Listen to the keynote address and hear about the latest developments from Rachana Ananthakrishnan and Ian Foster who review the updates to the Globus Platform and Service, and the relevance of Globus to the scientific community as an automation platform to accelerate scientific discovery.
Utilocate offers a comprehensive solution for locate ticket management by automating and streamlining the entire process. By integrating with Geospatial Information Systems (GIS), it provides accurate mapping and visualization of utility locations, enhancing decision-making and reducing the risk of errors. The system's advanced data analytics tools help identify trends, predict potential issues, and optimize resource allocation, making the locate ticket management process smarter and more efficient. Additionally, automated ticket management ensures consistency and reduces human error, while real-time notifications keep all relevant personnel informed and ready to respond promptly.

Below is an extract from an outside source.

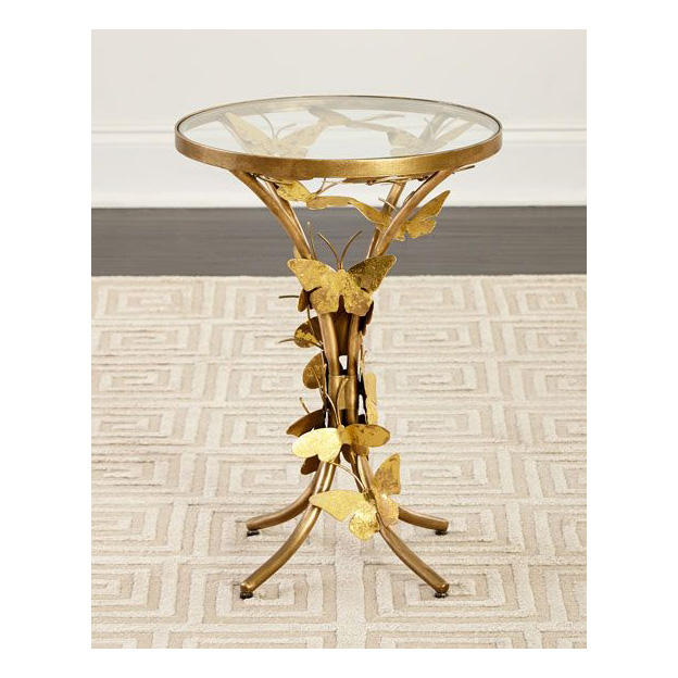 Table d'appoint de luxe en aluminium de designer avec deux étagères en verre, table d'appoint moderne pour salon

The system's ability to streamline workflows and automate ticket routing significantly reduces the time taken to process each ticket, making the process faster and more efficient. Mobile access allows field technicians to update ticket information on the go, ensuring that the latest information is always available and accelerating the locate process. Overall, Utilocate not only enhances the efficiency and accuracy of locate ticket management but also improves safety by minimizing the risk of utility damage through precise and timely locates.
Quarkus Hidden and Forbidden ExtensionsMax Andersen
Quarkus has a vast extension ecosystem and is known for its subsonic and subatomic feature set. Some of these features are not as well known, and some extensions are less talked about, but that does not make them less interesting - quite the opposite.
Come join this talk to see some tips and tricks for using Quarkus and some of the lesser known features, extensions and development techniques.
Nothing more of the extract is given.